Guinea ratified the 2000 UN TIP Protocol in November 2004.

In 2010, Guinea was a source, transit, and to a lesser extent, a destination country for men, women, and children subjected to trafficking in persons, specifically in the areas of forced labor and forced prostitution. The majority of victims were children, and these incidents of trafficking were more prevalent among Guinean citizens than among foreign migrants living in Guinea. Within the country, girls were largely subjected to involuntary domestic servitude and commercial sexual exploitation, while boys were subjected to forced begging and forced labor as street vendors, shoe shiners, and laborers in gold and diamond mines. Some Guinean men are also subjected to forced agricultural labor within Guinea. Smaller numbers of girls from Mali, Sierra Leone, Nigeria, Ghana, Liberia, Senegal, Burkina Faso, and Guinea-Bissau migrate to Guinea, where they were subjected to involuntary domestic servitude and likely also commercial sexual exploitation. Some Guinean boys and girls were subjected to forced labor in gold mining operations in Senegal, Mali, and possibly other African countries. Guinean women and girls were subjected to involuntary domestic servitude and forced prostitution in Nigeria, Côte d'Ivoire, Benin, Senegal, Greece, and Spain. Chinese women were trafficked to Guinea for commercial sexual exploitation by Chinese traffickers. Networks also trafficked women from Nigeria, India, and Greece through Guinea to the Maghreb and onward to Europe, notably Italy, Ukraine, Switzerland, and France for forced prostitution and involuntary domestic servitude.

== Background ==
Also in 2010, the Government of Guinea did not fully comply with the minimum standards for the elimination of trafficking; however, it made significant efforts to do so, despite limited resources. The government sustained its efforts to investigate alleged trafficking crimes and detain suspected trafficking offenders during the reporting period. The junta, however, made minimal progress toward combating human trafficking in Guinea since coming to power in a coup d'etat in December 2008. While Guinea had an adequate anti-trafficking legal framework, which it had strengthened by enacting the Child Code of 2008, the junta did not report any trafficking prosecutions or convictions for the second year in a row, and protection and prevention efforts remained weak. Therefore, Guinea was placed on the "Tier 2 Watch List" for the third consecutive year. In February 2009, the head of government issued a declaration giving security forces the right to shoot anyone apprehended while trafficking a human being, raising significant human rights concerns.

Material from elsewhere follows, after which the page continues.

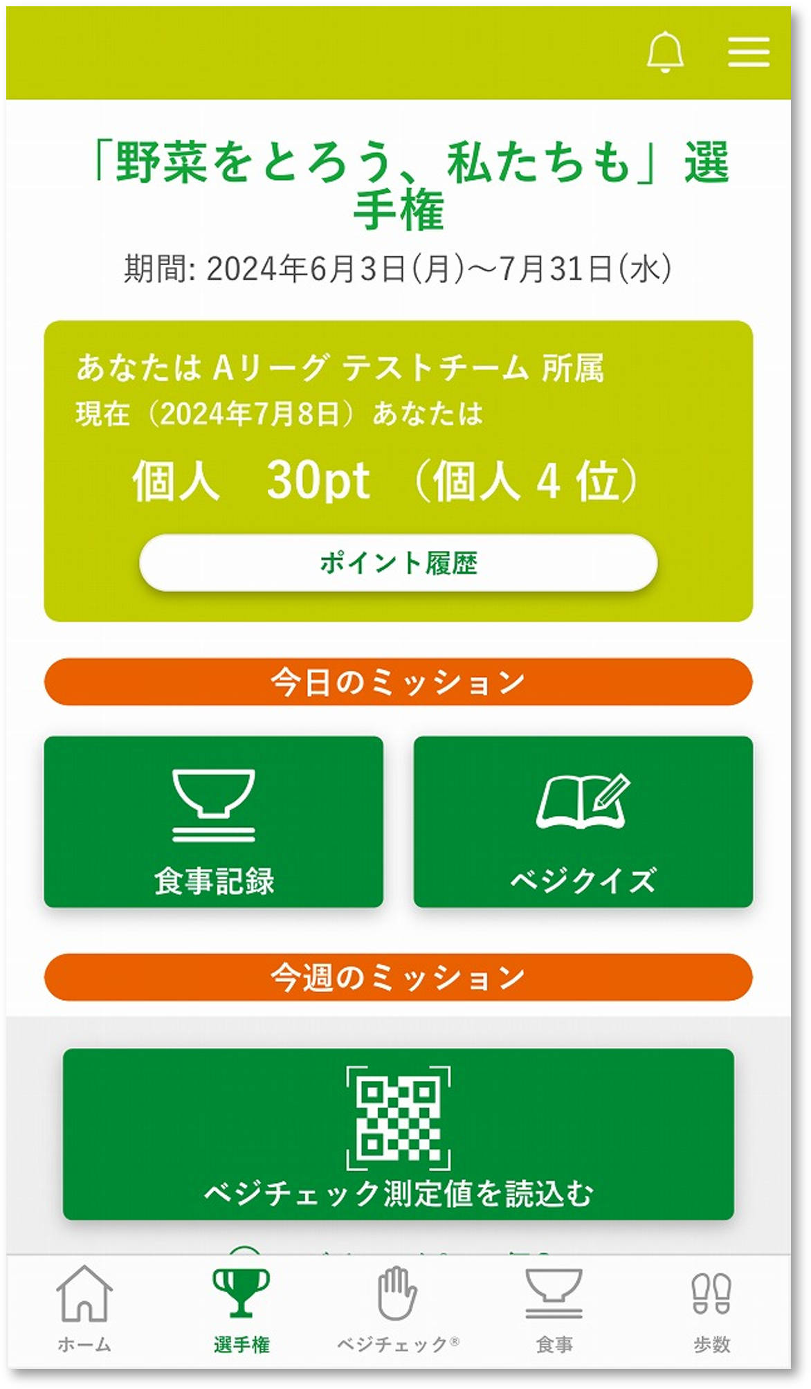 ① 自社アプリを活用した、野菜摂取量を増やす取り組み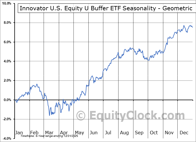 Analysis of the Innovator U.S. Equity U Buffer ETF (AMEX:UAUG) seasonal charts above shows that a Buy Date of July 10 and a Sell Date of September 30 has resulted in a geometric average return of 0.74% above the benchmark rate of the S&P 500 Total Return Index over the past 5 years. This seasonal timeframe has shown positive results compared to the benchmark in 4 of those periods. This is a very good rate of success and the return strongly outperforms the relative buy-and-hold performance of the stock over the past 5 years by an average of 7.6% per year.

In the same month, the National Committee to Combat Human Trafficking met to evaluate the 2005–2006 National Action Plan and to outline an updated version for 2009–2011 but released no such document to the public. Many ministries claimed involvement in efforts to address trafficking, but the country was severely limited in its ability to address the problem due to budget constraints, capacity limitations, and unclear allocation of law enforcement and social welfare responsibilities.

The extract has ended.